Cookson will now seek to help the organisation move on from doping scandals which have rocked the sport and led to modern cycling's biggest star, Lance Armstrong, being banned for life.
Vero directror John Zerafa pointed to increasing the UCI’s stakeholder engagement as a key part of this.
He said: "Alongside messages around anti doping, the campaign narrative emphasised that corporate governance had to be led professionally, properly and openly, and historically that’s not always been the case.
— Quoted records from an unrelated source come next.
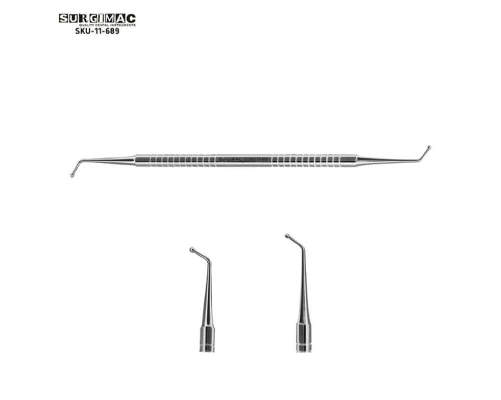 SurgiMac Eco Series #26/27S Ball Burnishers, Restorative Instrument is designed to condense, smooth, carve, and polish amalgam restorations. With ends measuring 2.1 mm and 1.3 mm, it ensures precise application and finishing for optimal restorative results.
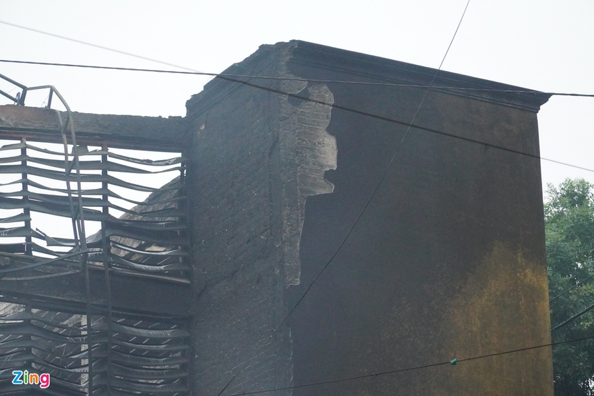 Một phần tường bao của nhà chợ cũng đổ. Các hạng mục khác biến dạng, bong tróc, nứt toác.
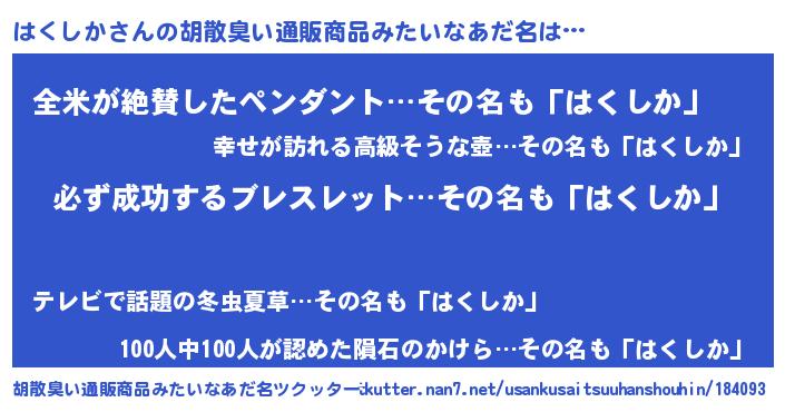 | 男性向けラノベタイトル風あだ名 | 『はくしかの憂鬱』『ハクシカスレイヤー』 |

We will see a move towards increased openness, with more dialogue with riders, teams, sponsors and fans," he said.
As president, Cookson yesterday announced that he would work to make anti-doping precudures independent, and hinted that Armstrong might be able to return to the cycling fold if he revealed all he knew about drug taking in the sport.
For the election campaign, straplined "Restoring Trust, Leading Change", Zerafa worked as part of a three strong agency team which included founder Mike Lee.
This included comms around Cookson’s engagement with ICU delegates ahead of a vote marked in its final hours by confusion as to whether McQuaid was even eligible to stand for office.
Backing McQuiad for the campaign was Ian McClure, of McClure Media & PR, while Burson-Marsteller handled the retained account for the UCI.
In the months running up to the vote Cookson presented himself as international candidate for the global organisation, with media work piggybacking onto a travel schedule which included the Americas, Australasia and Africa.
Another key aspect was showing the commercial imperatives behind the ethical stance, Zafara added."Part of Brian’s campaign narrative was also saying that by rebuilding trust in the UCI, cycling will start to benefit from new investment, greater broadcast coverage, more cities wanting to host events and ultimately more riders and fans being drawn into cycling."